In another snippet out of the archives, Kroft suggested that Bill's attractiveness was a political problem, and Hillary grew snippy: “You know, you are very good, Steve. You ask the same question nine or ten or twelve different ways and it – and – and I don’t mean to be avoiding the question,” which is precisely what she was trying to do. She chose instead to moralize: “If character only revolves around one question -- which is what you're asking in the press -- that's a shame, you know, because there are a lot of other questions that are, if not more important, certainly equally important. You know, there are ten commandments, not one. And one of them is, ‘Thou shalt not bear false witness against thy neighbor.’”

It was the quintessential Hillary Rodham Clinton moment. Asked about her husband's violation of the Sixth Commandment, Hillary has responded by accusing their critics of violating the Eighth Commandment. 

Kroft betrayed CBS’s original point of view at the end of the 1998 segment, claiming: “Tonight, only the president knows whether he is disappointed with himself in his dealings with Monica Lewinsky, the young White House intern.
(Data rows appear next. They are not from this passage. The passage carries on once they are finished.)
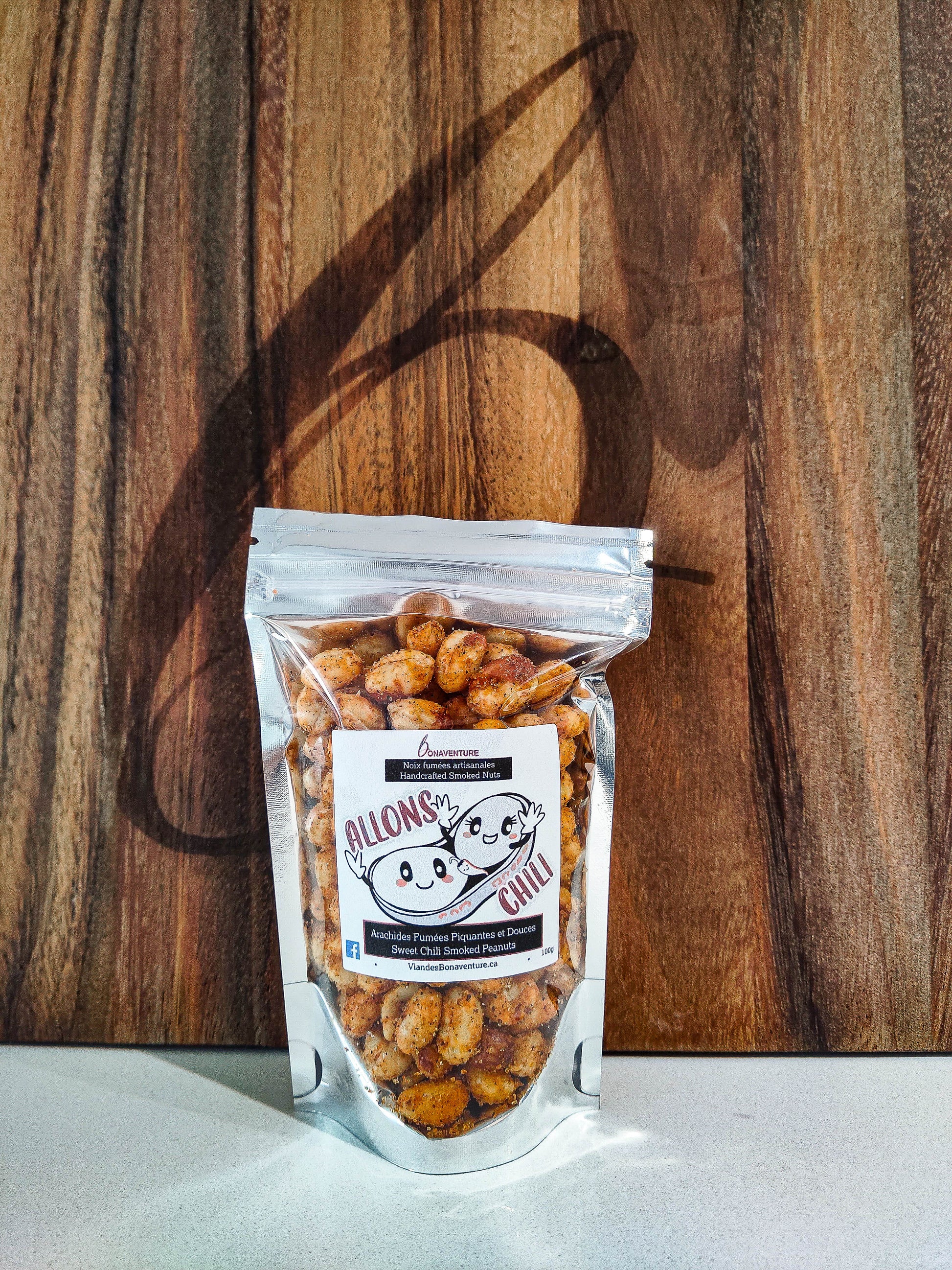 Nos arachides au chili doux sont préparées à la main de façon magistrale ici même à Saint-Lazare, au Québec ! Nos techniques de fumage, nos mélanges d'assaisonnements faits à la main et, bien sûr, notre assurance de la qualité et notre emballage sont tous réalisés par notre équipe dévouée !
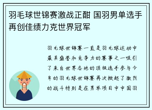 羽毛球世锦赛一直是羽毛球运动中最具盛誉和...
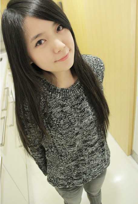 斜刘海的清纯小麻豆演绎直发,很美哦,柔顺光亮的乌黑直发,很漂亮,有点邻家小女生感觉,这样的长直发2013也很受欢迎哦!

But this time, his wife is not the only person who has the right to know." Kroft had inadvertently acknowledged that conventional media wisdom has deemed previous Clinton affairs, the Flowers one being the most notable, as none of the public's business -- never mind that in 1992 America was beinfg asked to decide if the man was fit to serve as president of the United States. 

In the March 9, 1992 issue of The New Republic, senior editor Hendrik Hertzberg gave a refreshingly candid assessment of the elite media when he asked his political-reporter colleagues for whom they would vote were they Democrats registered in that state. The “answer was always Clinton...Almost none is due to calculations about Clinton being 'electable'...and none at all is due to belief in Clinton's denials in the Flowers business, because no one believes these denials. No, the real reason members of The Press like Clinton is simple, and surprisingly uncynical: they think he would make a very good, perhaps a great, President.”